The first US law adopted specifically to protect whistleblowers was the 1863 United States False Claims Act (revised in 1986), which tried to combat fraud by suppliers of the United States government during the American Civil War. The Act encourages whistleblowers by promising them a percentage of the money recovered by the government and by protecting them from employment retaliation.

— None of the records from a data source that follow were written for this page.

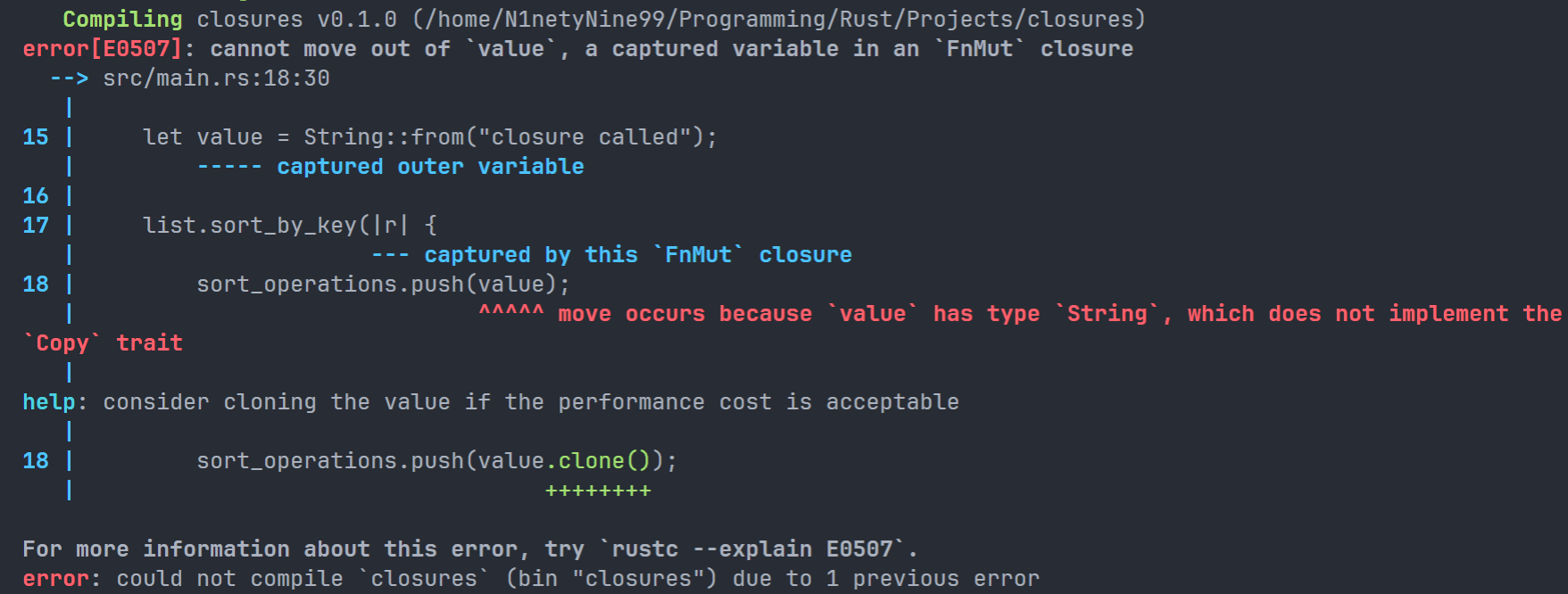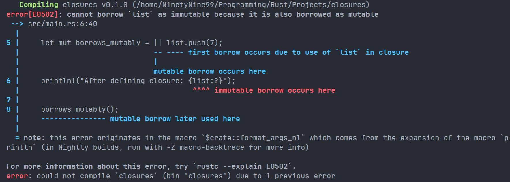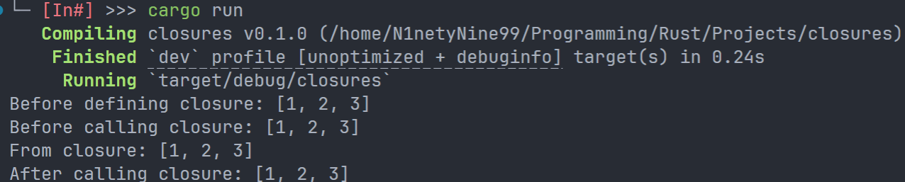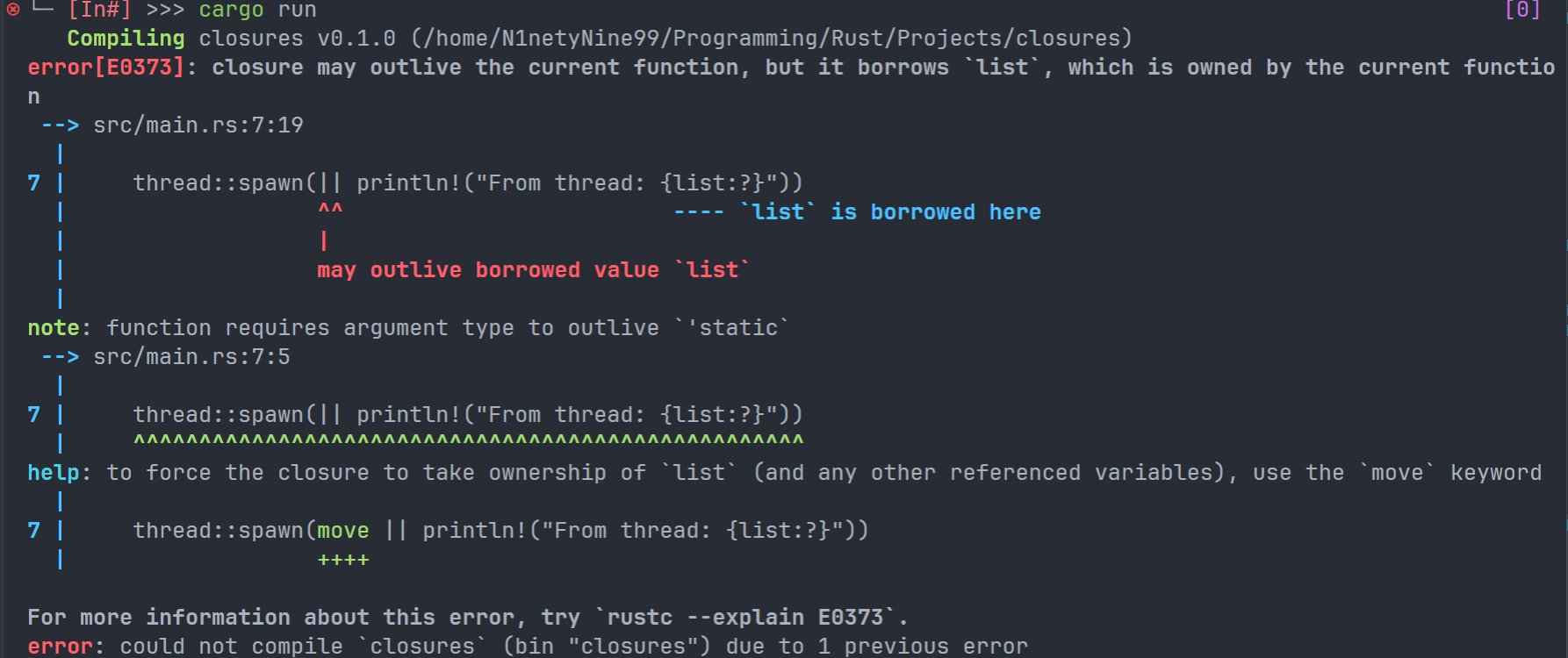 为了修复这个问题,我们可以使用move关键字,放置于闭包的前面;这样,我们会让闭包强行将捕获的值的所有权占为己有,而不是让编译器去推断:
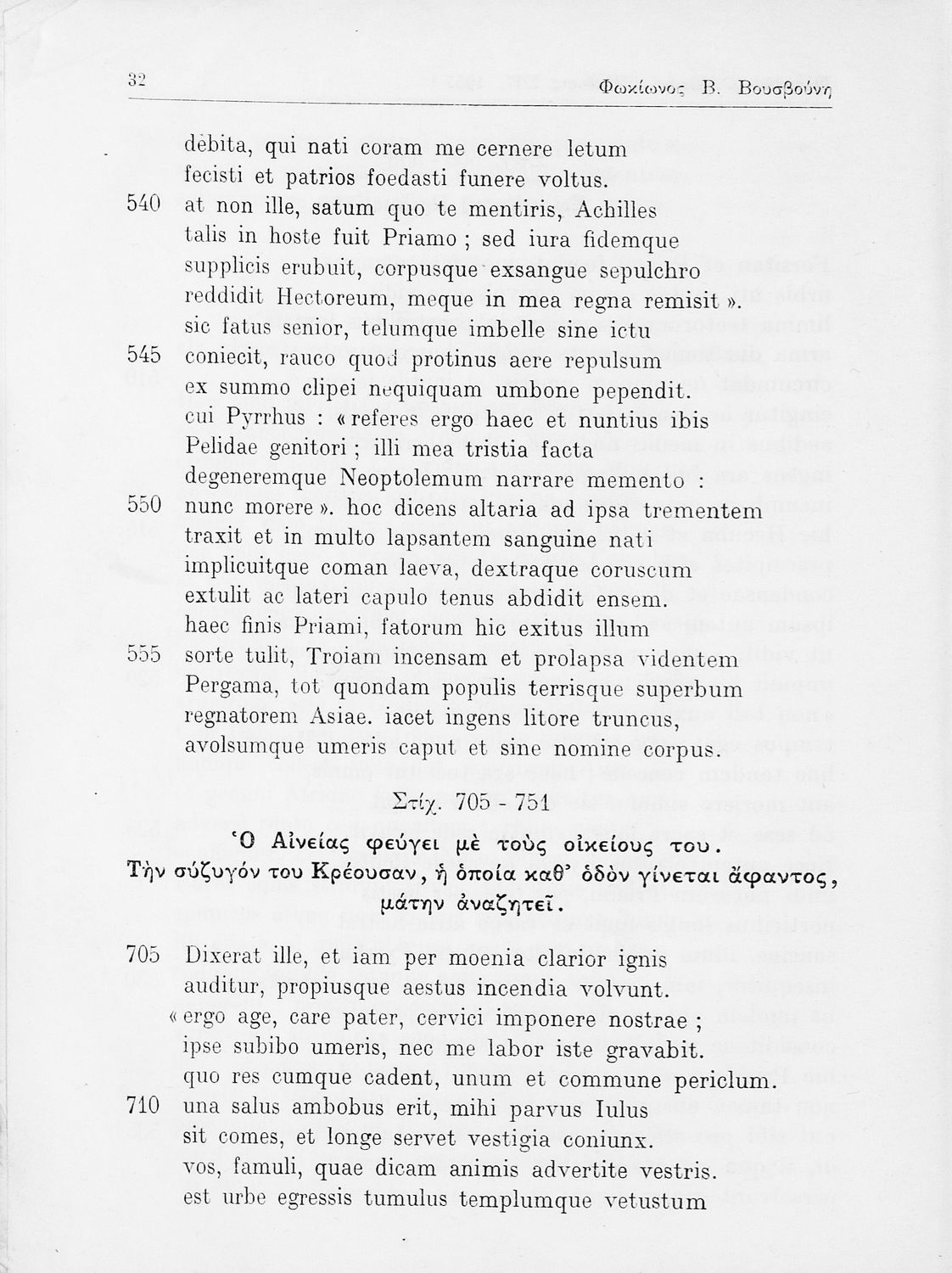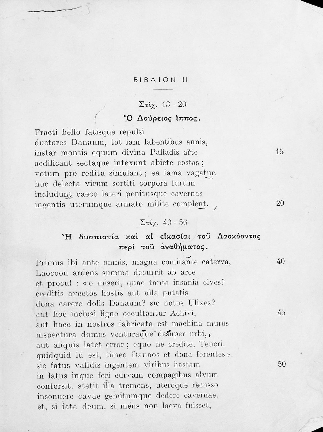 Βαθμίδα εκπαίδευσης: Δευτεροβάθμια Μάθημα: Λατινικά Γλώσσα: Απλή καθαρεύουσα Παρουσίαση περιεχομένου: Σχολικό εγχειρίδιο Λατινικών που περιέχει αποσπάσματα από έργα τριών Λατίνων συγγραφέων, βιογραφικά σημειώματα των συγγραφέων, εισαγωγικά σχόλια, και ερμηνευτικές παρατηρήσεις. |
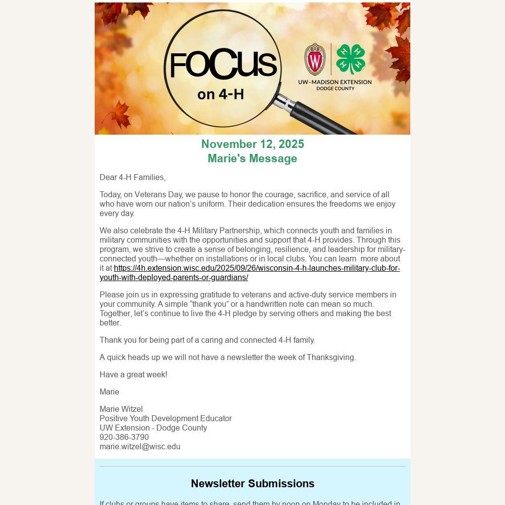 We also celebrate the 4-H Military Partnership, which connects youth and families in military communities with the opportunities and support that 4-H provides. Through this program, we strive to create a sense of belonging, resilience, and leadership for military-connected youth—whether on installations or in local clubs. You can learn more about it at https://4h.extension.wisc.edu/2025/09/26/wisconsin-4-h-launches-military-club-for-youth-with-deployed-parents-or-guardians/
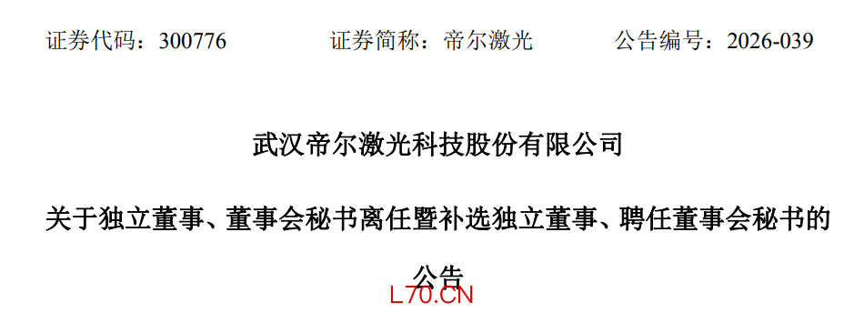 最新消息,帝尔激光发布公告宣称,公司董事会于2026年3月10日收到独立董事吴裕斌先生提交的书面辞职报告,吴裕斌先生因个人原因申请辞去公司第四届董事会独立董事、董事会提名委员会委员及薪酬与考核委员会委员的职务,辞职后不再担任公司任何职务。吴裕斌先生原定任期至第四届董事会任期届满之日止。

Another US law that specifically protects whistleblowers is the Lloyd–La Follette Act of 1912. It guaranteed the right of federal employees to furnish information to the United States Congress. The first US environmental law to include an employee protection was the Clean Water Act of 1972. Similar protections were included in subsequent federal environmental laws, including the Safe Drinking Water Act (1974), Resource Conservation and Recovery Act (1976), Toxic Substances Control Act of 1976, Energy Reorganization Act of 1974 (through 1978 amendment to protect nuclear whistleblowers), Comprehensive Environmental Response, Compensation, and Liability Act (CERCLA, or the Superfund Law) (1980), and the Clean Air Act (1990). Similar employee protections enforced through OSHA are included in the Surface Transportation Assistance Act (1982) to protect truck drivers, the Pipeline Safety Improvement Act (PSIA) of 2002, the Wendell H. Ford Aviation Investment and Reform Act for the 21st Century ("AIR 21"), and the Sarbanes–Oxley Act, enacted on 30 July 2002 (for corporate fraud whistleblowers). More recent laws with some whistleblower protection include the Patient Protection and Affordable Care Act ("ACA", the Consumer Product Safety Improvement Act ("CPSIA"), the Seamans Protection Act as amended by the Coast Guard Authorization Act of 2010 ("SPA"), the Consumer Financial Protection Act ("CFPA"), the FDA Food Safety Modernization Act ("FSMA"), the Moving Ahead for Progress in the 21st Century Act ("MAP-21"), and the Taxpayer First Act ("TFA").

Investigation of retaliation against whistleblowers under 23 federal statutes falls under the jurisdiction of Directorate of Whistleblower Protection Program of the United States Department of Labor's Occupational Safety and Health Administration (OSHA). New whistleblower statutes enacted by Congress, which are to be enforced by the Secretary of Labor, are generally delegated by a Secretary's Order to OSHA's Directorate of Whistleblower Protection Program (DWPP).

The patchwork of laws means that victims of retaliation need to be aware of the laws at issue to determine the deadlines and means for making proper complaints. Some deadlines are as short as 10 days (Arizona State Employees have 10 days to file a "Prohibited Personnel Practice" Complaint before the Arizona State Personnel Board), while others are up to 300 days.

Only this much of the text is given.